Kamis, 15 Maret 2018

Batik Garut Tulen, Pionir Batik Garutan

Batik Garut Tulen, Pionir Batik Garutan

Batik Garutan mempunyai warna yang membuatnya lebih mencolok dibanding batik dari daerah yang lain di Indonesia. Beberapa warna batik Garutan yang relatif cerah membuatnya tidak terlihat “kolot”. Gabungan warna seperti gumading (putih kekuning-kuningan), biru, merah, serta warna yang lain, buat batik Garutan tampak lebih dinamis. 

Dari sisi motif, batik Garutan juga mempunyai motif-motif yang begitu ciri khas. Motif batik Garutan favorit yang cukup popular salah satunya, Rereng Merak Ngibing, Rereng Kembang Corong, serta Rereng Pacul. Motif favorit itu ditangani dengan tehnis catat. 
Satu diantara butik yang disebut pionir batik Garutan yaitu butik Batik Garut Tulen. Butik ini sudah ada di Garut mulai sejak 1950an. Batik Garut Tulen adalah usaha batik Garutan keluarga yang dikelola dengan turun-temurun. 

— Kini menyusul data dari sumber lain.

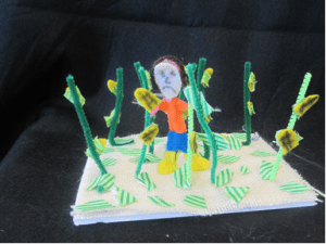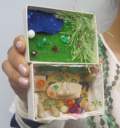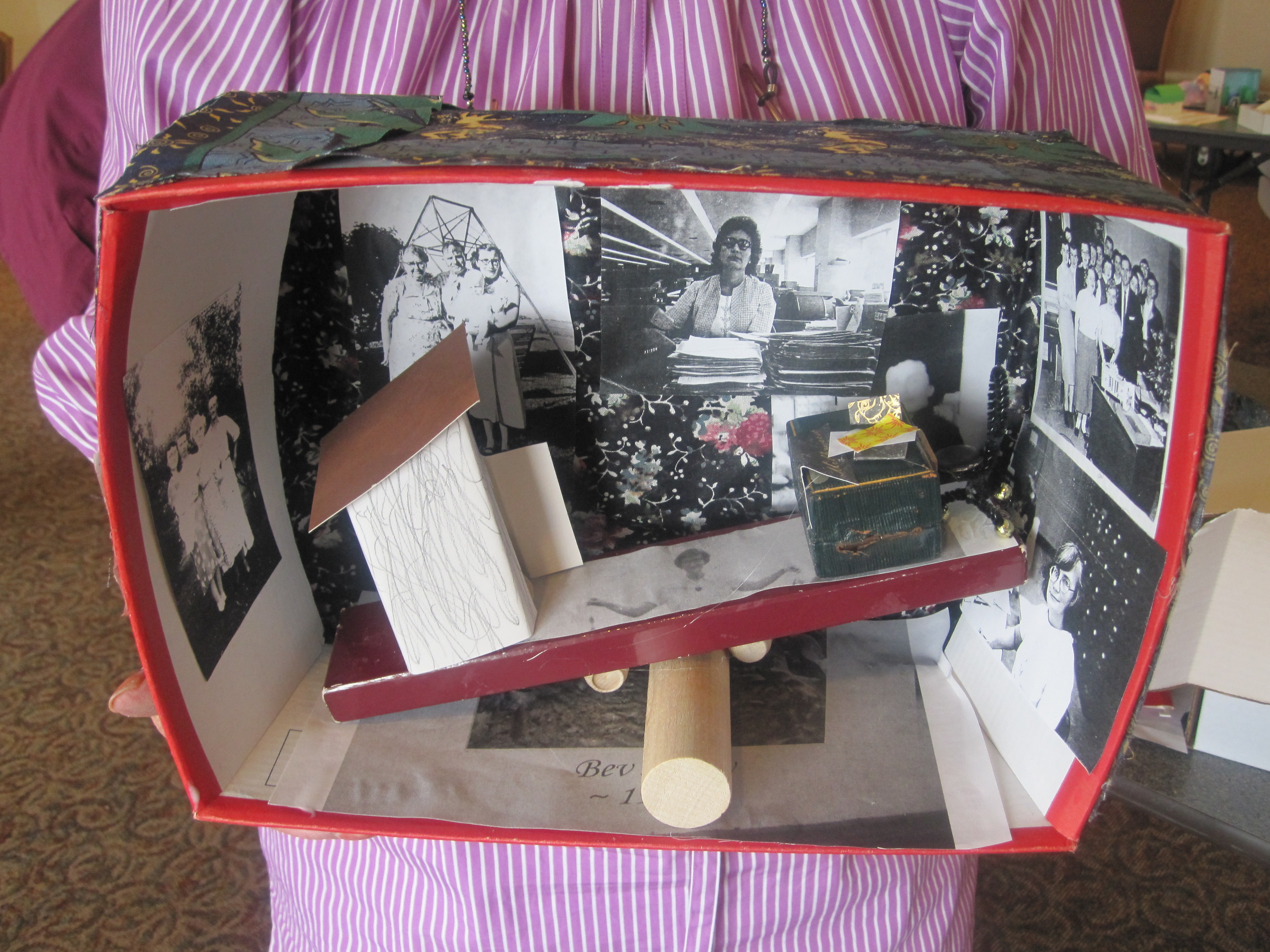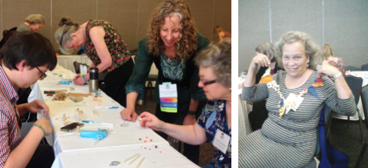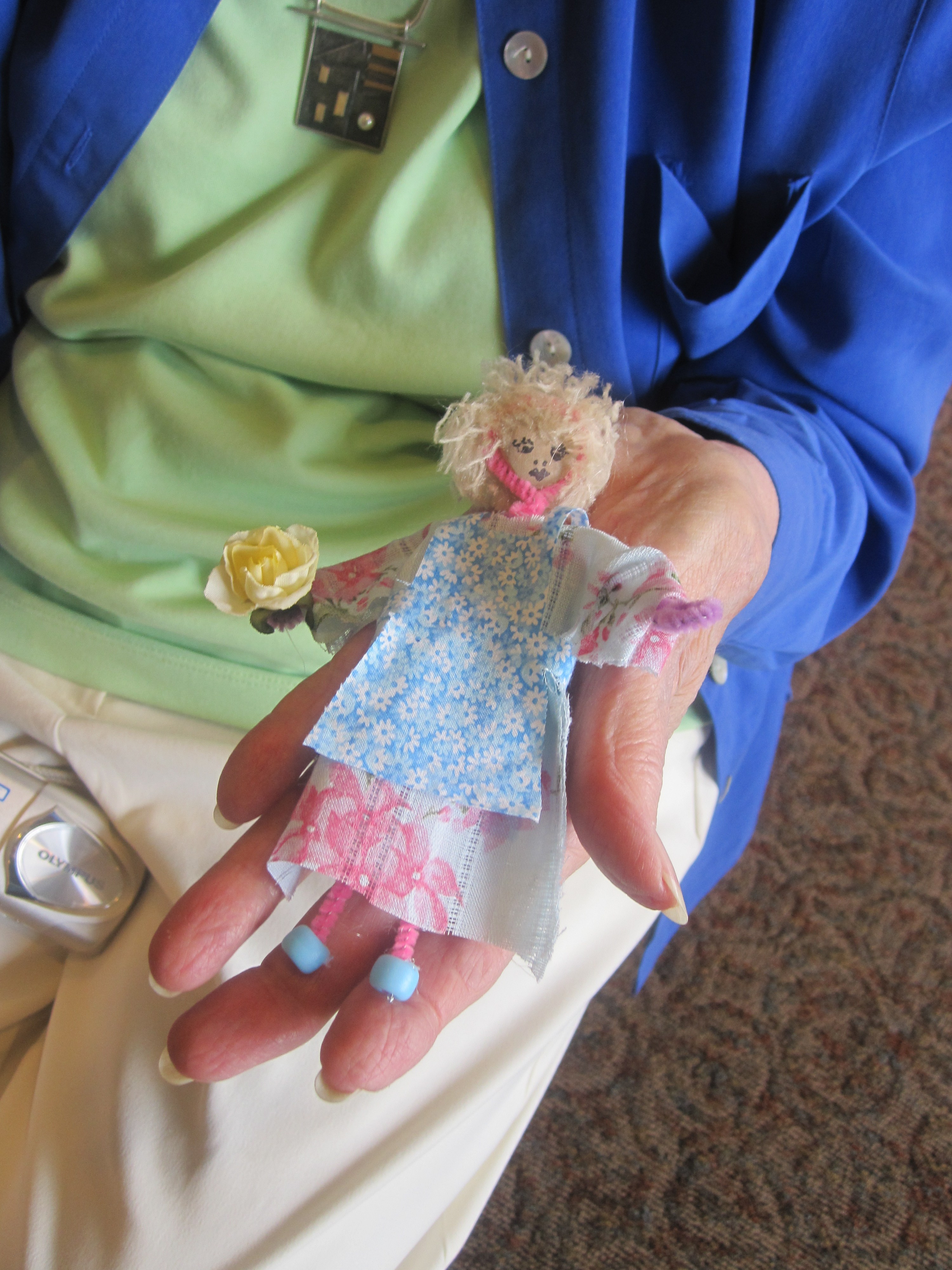 I gave some of my own examples, then we set to work. Wood bits, beads, wire, colored tissue, and hot glue – that’s all we used. But the results led to all kinds of stories. One woman made a tiny pony, remembering how she loved to ride them at the fair, though she never had a chance to ride anywhere else.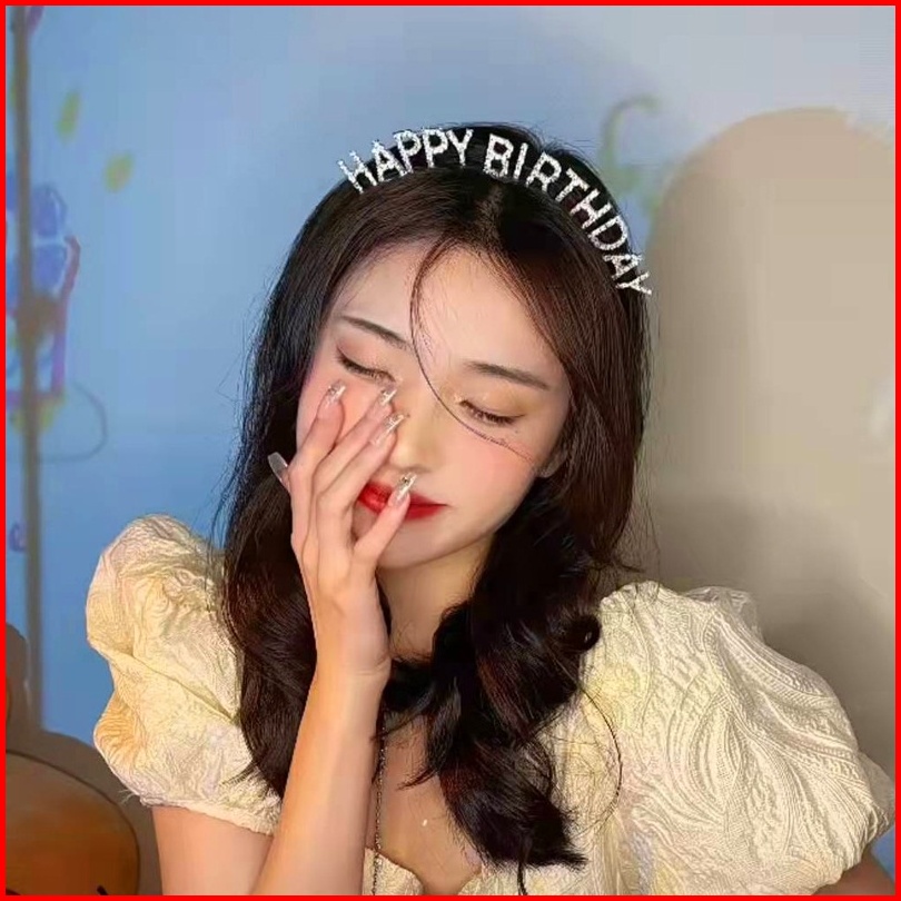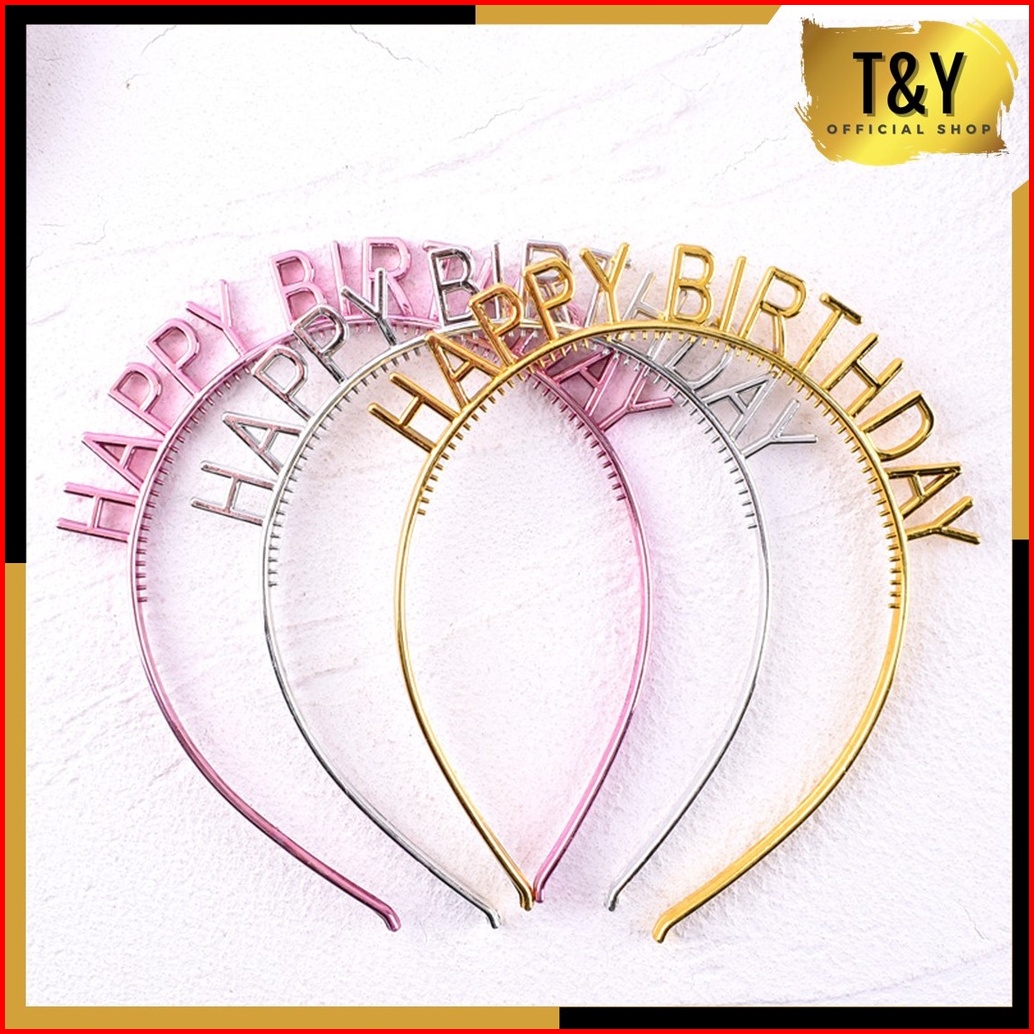 T Y Bando Happy Birthday Desain Anti Slip Gaya Korea Headband Ulang Tahun Bahan Plastik Transparan Warna Warni Bandana H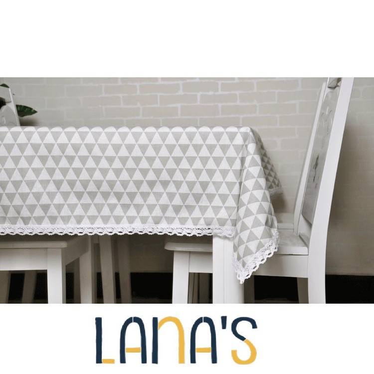 Nhà cửa & Đời sống > Trang trí nhà cửa > Khăn trải bàn || Khăn Trải Bàn Họa Tiết Tam Giác Xám Viền RenCòn hàng

Seperti disibakkan Jonatan (38), marketing Batik Tulen, “Batik Tulen mah dapat disebut pionir batik garutan. Setahu saya, telah ada mulai sejak th. 1950an pada zaman Aki, H. Oman Syaefurohman. Saat ini dikelola sama Ibu mertua saya, Hj. Dodah Siti Saodah. ” 

Butik yang saat ini berada di Jl. Ciledug, Gang Kampung Sisir No. 528, Garut, memajang bermacam type serta motif batik Garutan. Dari mulai batik catat, batik cap-tulis, serta batik catat dengan bahan sutera. “Keunggulan Batik Tulen itu paling banyak motif serta alur. Jadi beberapa pilihan buat pelanggan, ” terang Jonatan. 
Masalah harga batik Garutan di butik Batik Garut Tulen, Anda bisa pilih sesuai sama selera serta isi dompet. Batik cap di jual dari mulai Rp85. 000-Rp125. 000/lembar. Batik catat di jual dari mulai Rp1, 5juta-3juta/lembar. Sedang untuk batik catat bahan sutera di jual di kisaran Rp2juta-3, 5juta.